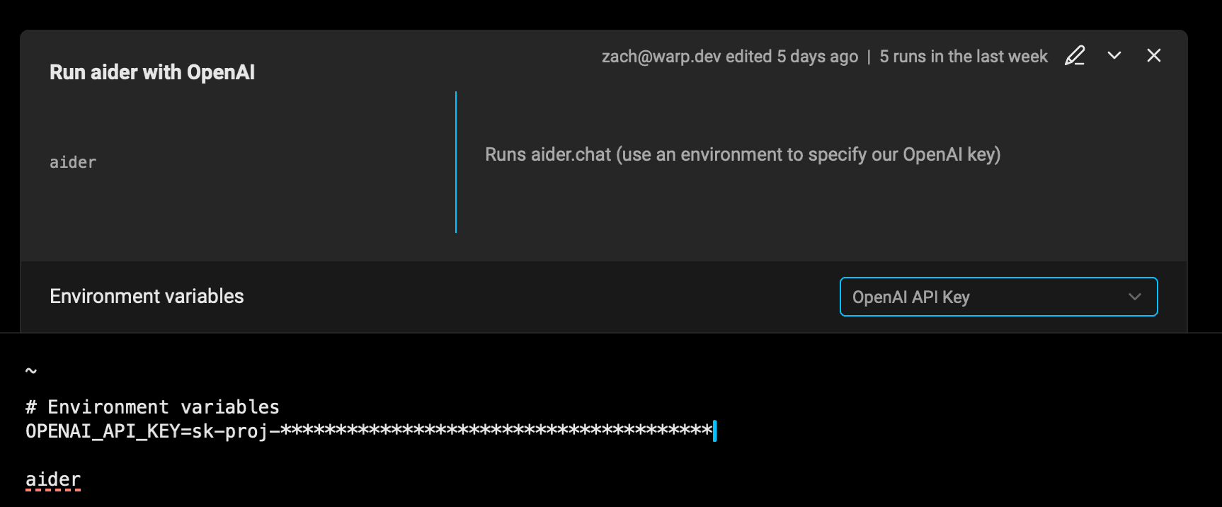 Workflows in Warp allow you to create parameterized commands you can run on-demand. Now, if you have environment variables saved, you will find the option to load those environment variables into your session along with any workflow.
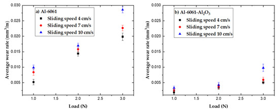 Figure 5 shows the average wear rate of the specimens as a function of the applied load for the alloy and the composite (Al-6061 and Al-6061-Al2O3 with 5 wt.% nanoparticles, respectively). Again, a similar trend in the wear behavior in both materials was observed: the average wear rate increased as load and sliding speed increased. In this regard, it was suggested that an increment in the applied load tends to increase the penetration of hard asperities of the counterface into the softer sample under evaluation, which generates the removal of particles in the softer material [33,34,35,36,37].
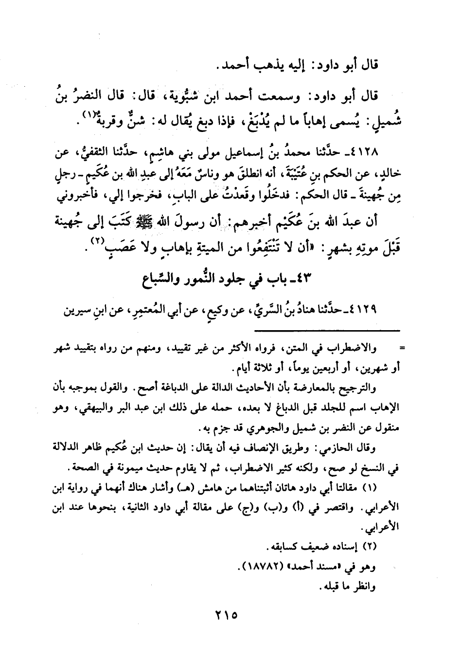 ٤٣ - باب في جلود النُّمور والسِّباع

^^^^^^^^

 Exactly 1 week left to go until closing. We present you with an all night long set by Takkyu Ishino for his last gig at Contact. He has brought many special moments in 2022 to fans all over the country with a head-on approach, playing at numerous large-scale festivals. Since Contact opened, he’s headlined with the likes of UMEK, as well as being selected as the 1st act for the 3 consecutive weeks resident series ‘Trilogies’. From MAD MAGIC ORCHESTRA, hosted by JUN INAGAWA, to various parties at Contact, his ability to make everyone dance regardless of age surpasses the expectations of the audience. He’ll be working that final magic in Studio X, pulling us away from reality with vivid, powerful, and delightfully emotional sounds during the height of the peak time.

^^^^^^^^

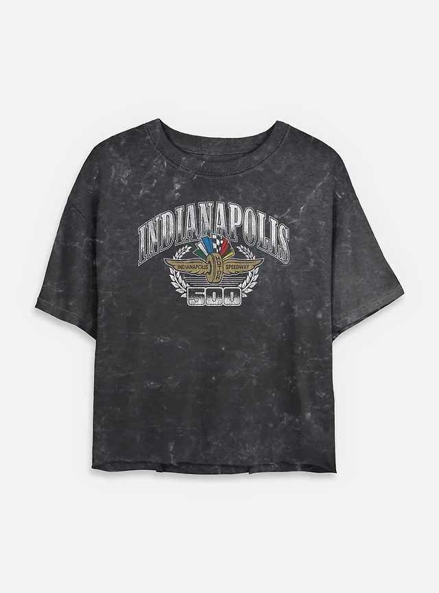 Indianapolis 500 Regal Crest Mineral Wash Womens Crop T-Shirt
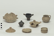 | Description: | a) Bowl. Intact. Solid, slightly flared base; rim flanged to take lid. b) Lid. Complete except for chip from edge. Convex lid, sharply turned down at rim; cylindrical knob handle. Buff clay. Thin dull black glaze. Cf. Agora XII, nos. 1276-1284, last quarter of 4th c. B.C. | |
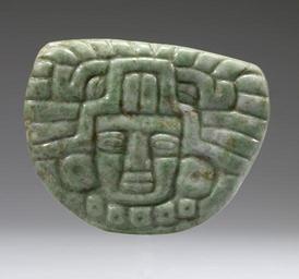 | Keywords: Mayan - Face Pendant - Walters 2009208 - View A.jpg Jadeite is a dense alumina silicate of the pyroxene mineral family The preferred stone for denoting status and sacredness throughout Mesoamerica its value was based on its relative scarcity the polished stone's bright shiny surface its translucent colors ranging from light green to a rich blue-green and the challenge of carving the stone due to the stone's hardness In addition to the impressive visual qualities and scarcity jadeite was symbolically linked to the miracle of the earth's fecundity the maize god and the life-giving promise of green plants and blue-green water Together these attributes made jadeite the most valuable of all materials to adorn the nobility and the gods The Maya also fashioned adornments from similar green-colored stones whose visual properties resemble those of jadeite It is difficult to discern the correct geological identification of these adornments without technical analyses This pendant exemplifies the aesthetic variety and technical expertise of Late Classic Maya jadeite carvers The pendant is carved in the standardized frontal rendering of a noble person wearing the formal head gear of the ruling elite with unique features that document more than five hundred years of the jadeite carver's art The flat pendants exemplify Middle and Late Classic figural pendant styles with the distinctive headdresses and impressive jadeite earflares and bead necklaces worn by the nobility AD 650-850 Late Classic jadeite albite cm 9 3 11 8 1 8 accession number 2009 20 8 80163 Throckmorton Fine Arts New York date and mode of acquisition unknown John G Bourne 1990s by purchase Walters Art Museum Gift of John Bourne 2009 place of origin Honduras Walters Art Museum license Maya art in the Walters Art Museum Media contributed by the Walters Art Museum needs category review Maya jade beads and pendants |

^^^^^^^^

### Brief
Although pictures appear among the entries, please set down only the lines from the one with "Workflows in Warp" up to and including the one with "٤٣ - باب في جلود النُّمور والسِّباع", word for word.

### Result
 Workflows in Warp allow you to create parameterized commands you can run on-demand. Now, if you have environment variables saved, you will find the option to load those environment variables into your session along with any workflow.
 Figure 5 shows the average wear rate of the specimens as a function of the applied load for the alloy and the composite (Al-6061 and Al-6061-Al2O3 with 5 wt.% nanoparticles, respectively). Again, a similar trend in the wear behavior in both materials was observed: the average wear rate increased as load and sliding speed increased. In this regard, it was suggested that an increment in the applied load tends to increase the penetration of hard asperities of the counterface into the softer sample under evaluation, which generates the removal of particles in the softer material [33,34,35,36,37].
 ٤٣ - باب في جلود النُّمور والسِّباع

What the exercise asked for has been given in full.